For the non-integer failures above, there's some strange nondeterministic flakiness on Mac Intel in these tests. I suspect it could be nondeterministic due to races, but I'm not sure.

For the record, my investigation so far:
* A few pixels of certain full screen quad renders of these textures seem to come out as black.
* The first test that fails USUALLY fails, but they get more flaky down the page, which is why I suspect races + a bug in the driver state tracking.
* We thought that the bad pixels appeared at the edges of the 2 triangles that form the full-screen quad. But this is NOT the case! See attached.
  * CONTIGUOUS areas LARGER than 1x1 are bad.
  * The attached images are at 1:1 to the texture (192x192).
    * Magenta is the background clear color (the magenta pixels are transparent texels).
  * Bad areas appear along the diagonals and NEAR (but not on) the edges. (Diagonal is: if flipY=true, TL-to-BR; if flipY=false, BL-to-TR, on the rendered canvas. I _think_ this is the x ~= y diagonal. Not related to the orientation of the triangles being drawn to the screen.)
  * They don't seem to appear along the left edge.
  * All fragments render to the screen - it's NOT a rasterization problem.
  * It's either a sampling or an upload problem: Bad pixels SAMPLE as transparent black (0,0,0,0) - revealed by tweaking blending/mask and playing with the fragment shader.
    * texCoord seems to be coming through from the vertex shader fine, so it's either the sampling, or it's the texture itself.
* Performing the quad render multiple times on top of itself doesn't seem to reduce flakiness - so I suspect it's the texture data, not the sampling.
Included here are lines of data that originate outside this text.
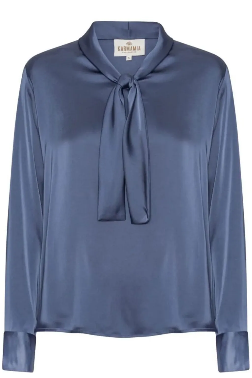 Blå bluse fra Karmamia i skinnende materiale. Designet med skjortekrave og slipsedetalje ved halsen. Lange ærmer med manchetter giver blusen et klassisk snit.
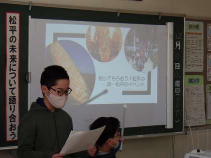6年生が、国語「町の未来をえがこう」の学習で、松平の良いところ、課題をもとに、松平の未来について考えました。そして、プレゼンテーションを作成して、地域の方たちに聞いていただきました。
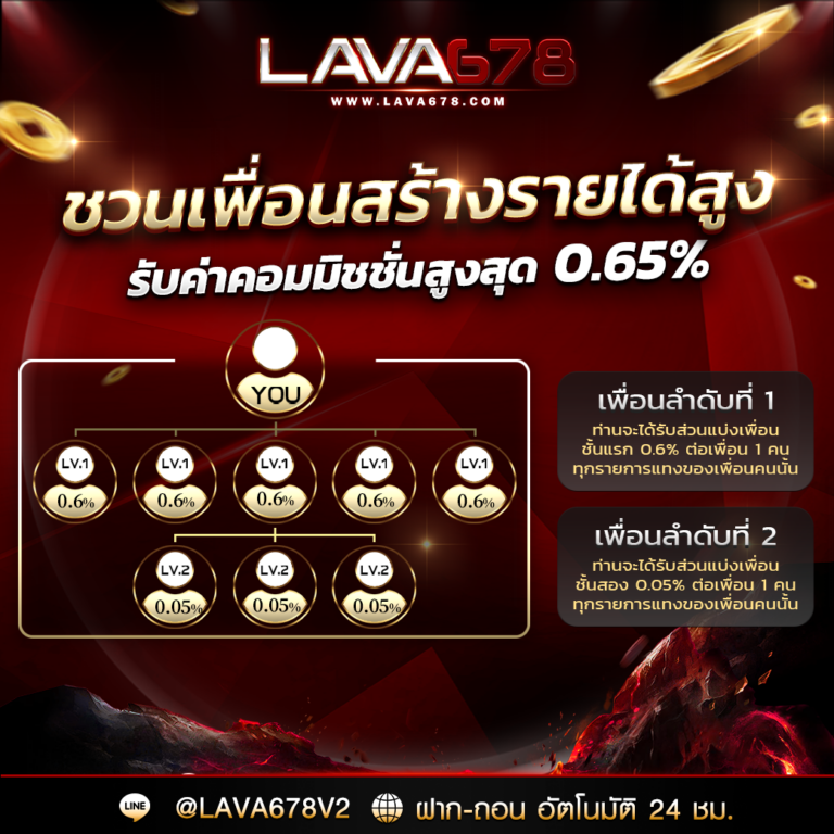 ให้ได้เลือกรับ เมื่อเข้าสู่ระบบในครั้งแรก คุณสามารถกดรับโปรโมชั่นได้เอง และใช้ได้ทันทีไม่ต้องรอเจ้าหน้าที่ดำเนินการ นอกจากนี้ยังมีโปรโมชั่นชวนเพื่อน เล่นพนันออนไลน์ที่ lava1688 เว็บ ตรง เพียงแค่ใส่โค้ดแนะนำเพื่อนเท่านี้ก็ได้สิทธิทั้งลด ทั้งแจกเครดิตจาก เราไปเลย แจกทั้งเพื่อนแจกทั้งคนชวน นี่เป็นเพียงแค่ตัวอย่างโปรโมชั่นและรการคืนกำไรให้สมาชิกเพียงเล็กน้อย เพราะ เรายังมีโปรโมชั่นและกิจกรรมอื่น ๆ อีกมากมายให้สมาชิกได้กดรับรางวัลกัน หากคุณอยากหารายได้ก้อนโตในข้ามคืน สมัครสมาชิกตอนนี้เลยกับเรา อย่าปล่อยให้โอกาสทางการเงินของคุณหล่นหายไป
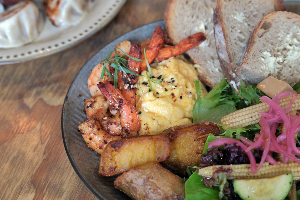 主角是店家自製的香料炒鮮蝦,香氣十足且口感彈牙,一旁是滑嫩的炒蛋、烤地瓜、沙拉和自家製酸種麵包,特別喜歡地瓜,外皮帶點微脆,內心很軟綿,麵包也不錯,但建議要趕快吃,冷掉會變很硬唷~
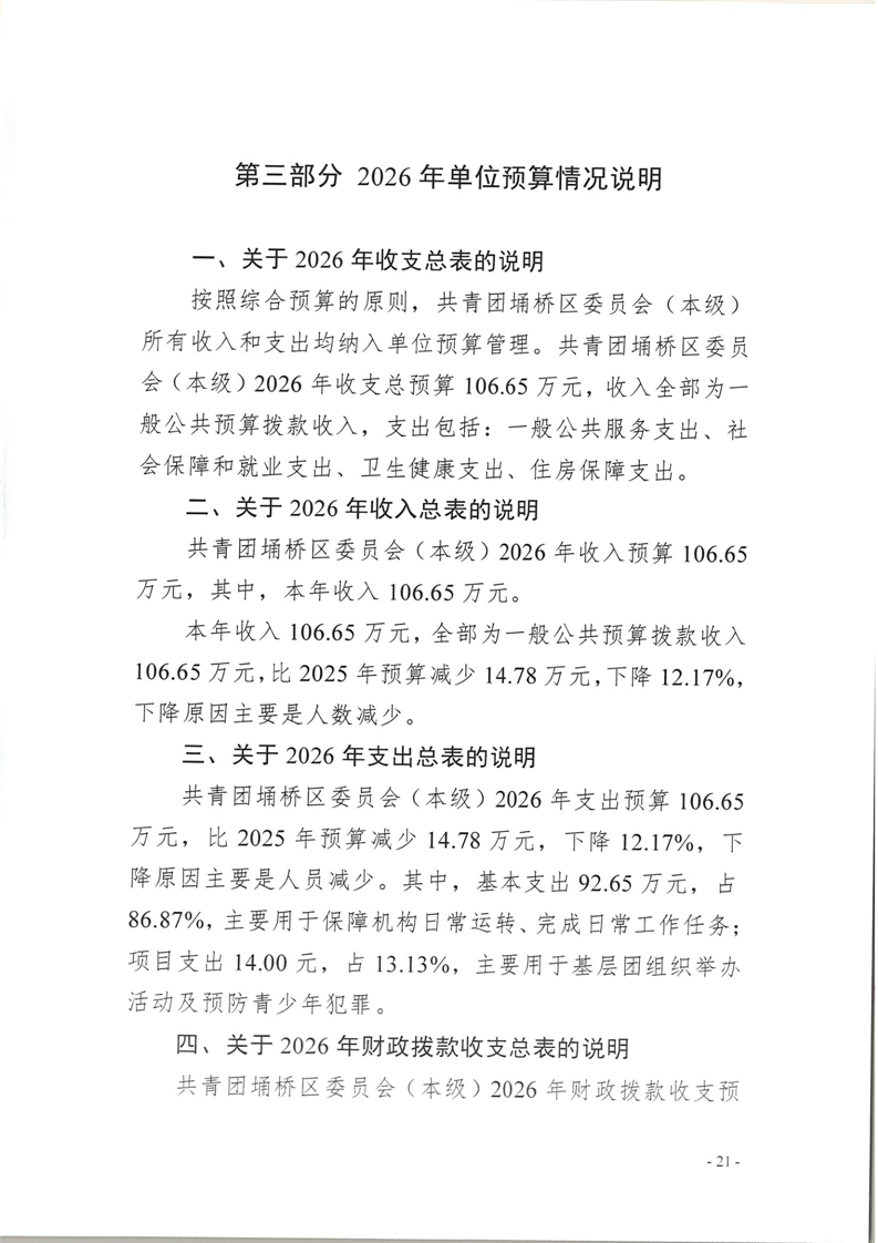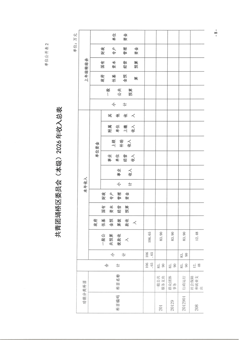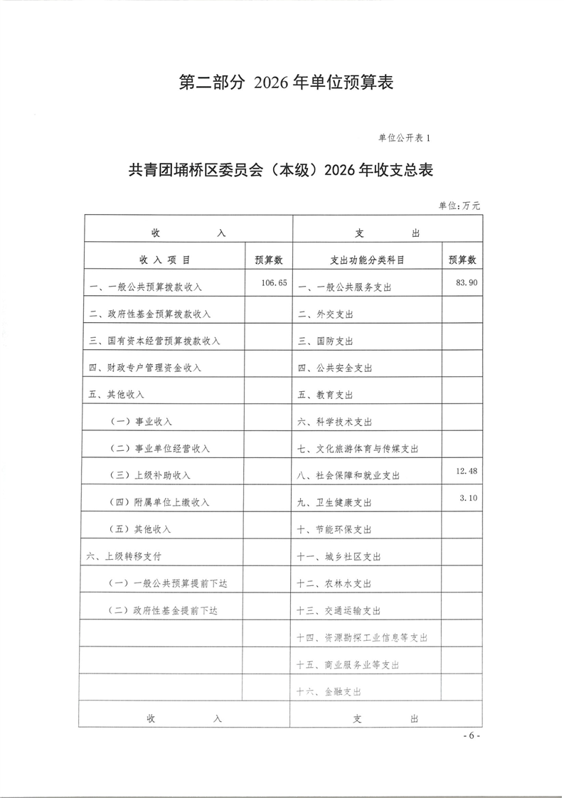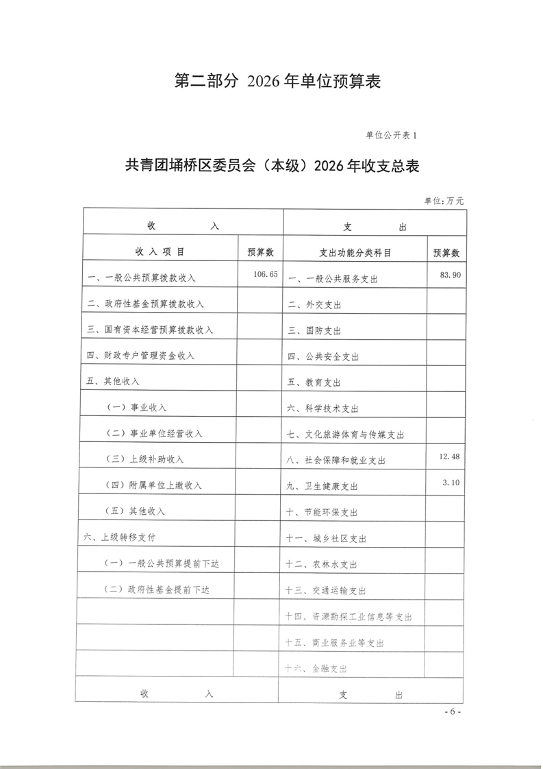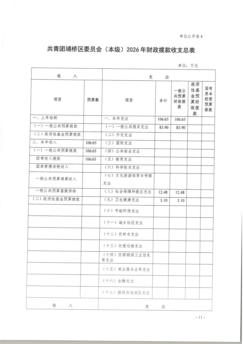 共青团埇桥区委员会(本级)2026年度预算公开

Not sure where to go from here. I have no idea what in the driver could be causing it.

Intel folks, do you have any idea what could be going on here, now that you have more data?
actual_texture.png
1.0 KB View Download
actual_texture2.png
1.2 KB View Download
actual_texture3.png
1.1 KB View Download
actual_texture4.png
1.3 KB View Download
actual_texture5.png
1.1 KB View Download
actual_texture_flipY=true.png
1.3 KB View Download
Two more things I just remembered which I forgot to mention.

1. It seems as though the errors are all in the (x >= y) half of the texture. I'm not 100% sure about that, though.

2. These tests seem to mostly-or-entirely fail on WebGL texSubImage2D tests. Since the target-sub-rectangles are the full texture, we sometimes replace the gpu-service-side driver call to glTexSubImage2D with a call to glTexImage2D. This issue persists regardless of which of the two driver calls I force it to bottom out into.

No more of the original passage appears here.